[Extracted records]
-=-=-
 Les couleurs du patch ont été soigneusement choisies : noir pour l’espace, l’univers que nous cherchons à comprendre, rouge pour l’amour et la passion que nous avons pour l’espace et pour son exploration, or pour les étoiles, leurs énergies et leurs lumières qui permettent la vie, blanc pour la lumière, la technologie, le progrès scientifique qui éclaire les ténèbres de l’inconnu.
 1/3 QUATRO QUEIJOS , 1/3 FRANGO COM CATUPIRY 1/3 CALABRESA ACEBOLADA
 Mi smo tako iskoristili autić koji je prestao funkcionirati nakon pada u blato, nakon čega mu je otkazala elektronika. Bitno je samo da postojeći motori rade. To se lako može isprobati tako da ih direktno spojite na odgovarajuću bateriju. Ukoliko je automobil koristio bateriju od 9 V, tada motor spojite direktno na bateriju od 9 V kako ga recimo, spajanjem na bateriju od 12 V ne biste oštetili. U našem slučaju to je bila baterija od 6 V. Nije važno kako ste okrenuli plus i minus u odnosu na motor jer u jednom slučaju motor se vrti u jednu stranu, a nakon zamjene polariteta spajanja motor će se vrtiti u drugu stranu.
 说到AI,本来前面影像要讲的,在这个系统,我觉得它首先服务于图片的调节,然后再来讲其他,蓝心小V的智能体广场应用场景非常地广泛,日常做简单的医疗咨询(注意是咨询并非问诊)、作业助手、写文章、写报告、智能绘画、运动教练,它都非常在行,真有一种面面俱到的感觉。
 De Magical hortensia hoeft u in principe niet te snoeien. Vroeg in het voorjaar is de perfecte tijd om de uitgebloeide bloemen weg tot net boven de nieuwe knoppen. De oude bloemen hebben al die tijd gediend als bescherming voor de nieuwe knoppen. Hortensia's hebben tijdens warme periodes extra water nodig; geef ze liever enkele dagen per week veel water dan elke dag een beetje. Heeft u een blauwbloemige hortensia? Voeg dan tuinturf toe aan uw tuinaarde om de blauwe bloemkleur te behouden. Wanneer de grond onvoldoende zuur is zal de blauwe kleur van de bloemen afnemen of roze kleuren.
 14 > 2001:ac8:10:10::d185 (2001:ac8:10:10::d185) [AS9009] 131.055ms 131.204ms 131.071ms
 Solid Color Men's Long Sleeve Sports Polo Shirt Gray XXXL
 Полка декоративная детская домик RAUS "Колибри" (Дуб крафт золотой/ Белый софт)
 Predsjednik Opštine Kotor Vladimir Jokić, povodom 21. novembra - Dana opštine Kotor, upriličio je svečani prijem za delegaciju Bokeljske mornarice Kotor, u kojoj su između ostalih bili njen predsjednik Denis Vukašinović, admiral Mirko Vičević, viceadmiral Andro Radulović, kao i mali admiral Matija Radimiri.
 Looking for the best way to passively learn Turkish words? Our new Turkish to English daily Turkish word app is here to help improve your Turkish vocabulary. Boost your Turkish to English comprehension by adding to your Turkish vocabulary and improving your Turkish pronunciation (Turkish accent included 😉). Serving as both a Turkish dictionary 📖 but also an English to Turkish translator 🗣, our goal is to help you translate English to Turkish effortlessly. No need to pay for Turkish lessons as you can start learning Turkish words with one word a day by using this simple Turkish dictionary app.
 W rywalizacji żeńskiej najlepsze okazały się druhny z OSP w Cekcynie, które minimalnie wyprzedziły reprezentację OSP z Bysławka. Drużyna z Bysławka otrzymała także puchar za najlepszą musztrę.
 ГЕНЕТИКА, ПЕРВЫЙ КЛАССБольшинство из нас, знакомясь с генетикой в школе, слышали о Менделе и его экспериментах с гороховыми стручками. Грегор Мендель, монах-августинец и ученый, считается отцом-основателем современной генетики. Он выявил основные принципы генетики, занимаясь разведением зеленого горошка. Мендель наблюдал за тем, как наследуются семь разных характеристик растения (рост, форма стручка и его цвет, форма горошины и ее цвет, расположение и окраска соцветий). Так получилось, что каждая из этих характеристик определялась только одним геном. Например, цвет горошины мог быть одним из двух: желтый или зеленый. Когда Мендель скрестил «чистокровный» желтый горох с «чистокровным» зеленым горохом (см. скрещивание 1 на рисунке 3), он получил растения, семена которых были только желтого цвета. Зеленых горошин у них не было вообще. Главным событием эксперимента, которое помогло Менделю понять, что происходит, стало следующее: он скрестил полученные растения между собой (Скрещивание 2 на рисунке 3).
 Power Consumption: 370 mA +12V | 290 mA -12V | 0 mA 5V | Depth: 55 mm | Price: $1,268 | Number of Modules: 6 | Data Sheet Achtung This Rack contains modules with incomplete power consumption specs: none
-=-=-
About this task >> Reproduce the lines above, beginning at the line with "14 > 2001:ac8:10:10::d185" and stopping after the line with "Predsjednik Opštine Kotor", exactly as they are.

Written reply >>
 14 > 2001:ac8:10:10::d185 (2001:ac8:10:10::d185) [AS9009] 131.055ms 131.204ms 131.071ms
 Solid Color Men's Long Sleeve Sports Polo Shirt Gray XXXL
 Полка декоративная детская домик RAUS "Колибри" (Дуб крафт золотой/ Белый софт)
 Predsjednik Opštine Kotor Vladimir Jokić, povodom 21. novembra - Dana opštine Kotor, upriličio je svečani prijem za delegaciju Bokeljske mornarice Kotor, u kojoj su između ostalih bili njen predsjednik Denis Vukašinović, admiral Mirko Vičević, viceadmiral Andro Radulović, kao i mali admiral Matija Radimiri.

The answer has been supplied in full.